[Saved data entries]
# # # # #
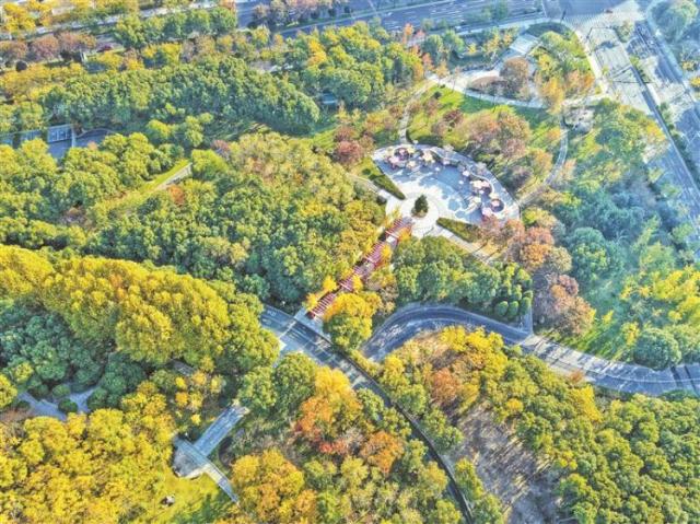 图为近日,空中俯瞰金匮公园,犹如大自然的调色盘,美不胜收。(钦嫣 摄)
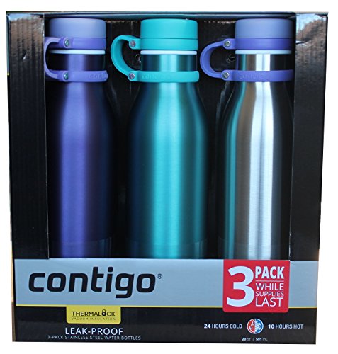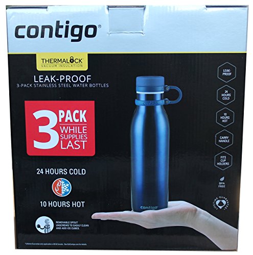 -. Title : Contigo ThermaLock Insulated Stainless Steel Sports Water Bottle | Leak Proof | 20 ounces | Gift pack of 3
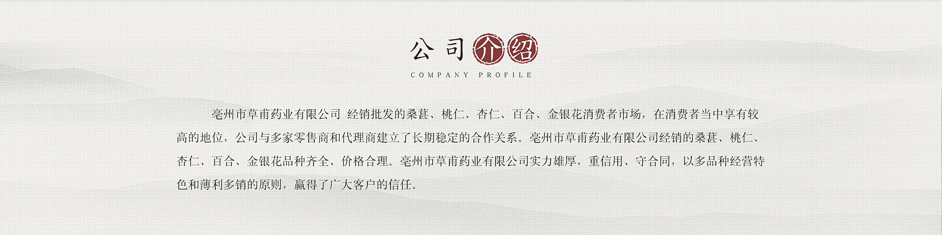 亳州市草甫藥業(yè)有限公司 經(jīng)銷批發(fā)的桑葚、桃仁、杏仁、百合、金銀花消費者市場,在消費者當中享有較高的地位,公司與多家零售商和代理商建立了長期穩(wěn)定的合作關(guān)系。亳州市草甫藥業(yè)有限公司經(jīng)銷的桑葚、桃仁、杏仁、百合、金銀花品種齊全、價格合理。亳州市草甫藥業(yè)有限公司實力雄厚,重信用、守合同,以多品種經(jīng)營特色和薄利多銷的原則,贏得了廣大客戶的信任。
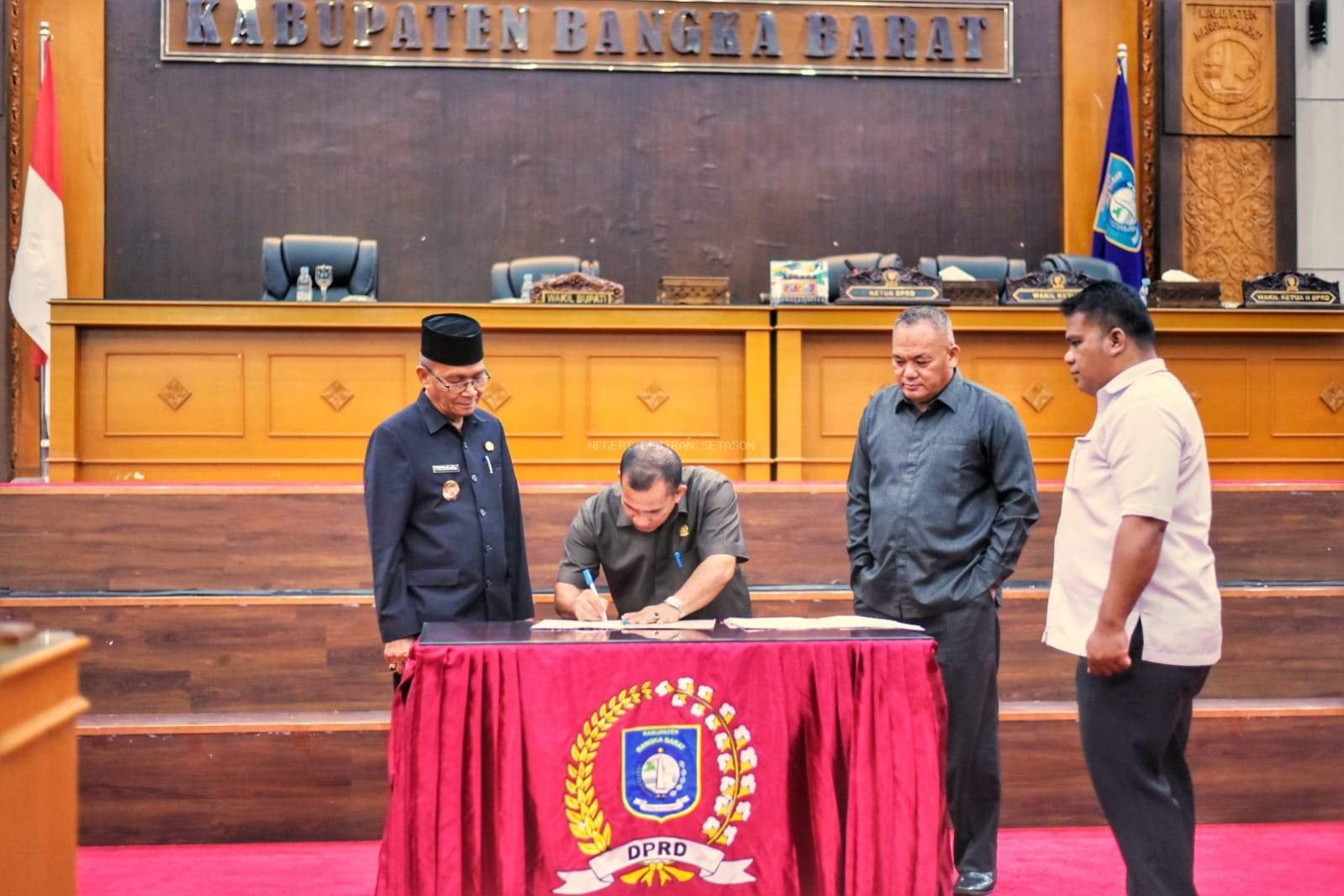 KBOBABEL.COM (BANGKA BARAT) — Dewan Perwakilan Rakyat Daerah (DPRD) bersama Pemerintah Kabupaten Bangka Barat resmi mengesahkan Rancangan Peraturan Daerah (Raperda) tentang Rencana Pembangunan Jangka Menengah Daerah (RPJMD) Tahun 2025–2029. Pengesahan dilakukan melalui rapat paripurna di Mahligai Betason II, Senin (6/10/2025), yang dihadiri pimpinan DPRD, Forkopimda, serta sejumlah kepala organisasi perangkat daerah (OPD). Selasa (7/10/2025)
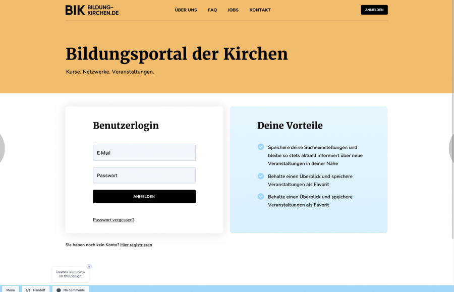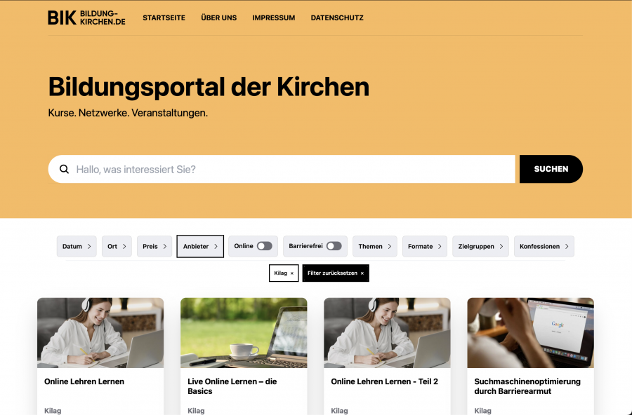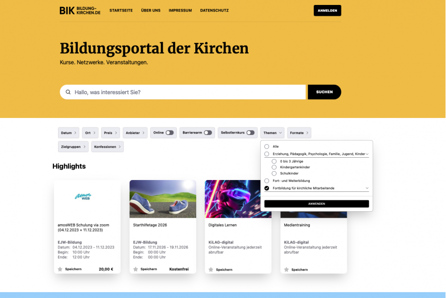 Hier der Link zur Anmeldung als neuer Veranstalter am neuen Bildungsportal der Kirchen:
# # # # #
▶ [Try it]
Write out, exactly and with no pictures, the lines of the data from the first through the line containing "亳州市草甫藥業(yè)有限公司 經(jī".

▶ [Your solution]
 图为近日,空中俯瞰金匮公园,犹如大自然的调色盘,美不胜收。(钦嫣 摄)
 -. Title : Contigo ThermaLock Insulated Stainless Steel Sports Water Bottle | Leak Proof | 20 ounces | Gift pack of 3
 亳州市草甫藥業(yè)有限公司 經(jīng)銷批發(fā)的桑葚、桃仁、杏仁、百合、金銀花消費者市場,在消費者當中享有較高的地位,公司與多家零售商和代理商建立了長期穩(wěn)定的合作關(guān)系。亳州市草甫藥業(yè)有限公司經(jīng)銷的桑葚、桃仁、杏仁、百合、金銀花品種齊全、價格合理。亳州市草甫藥業(yè)有限公司實力雄厚,重信用、守合同,以多品種經(jīng)營特色和薄利多銷的原則,贏得了廣大客戶的信任。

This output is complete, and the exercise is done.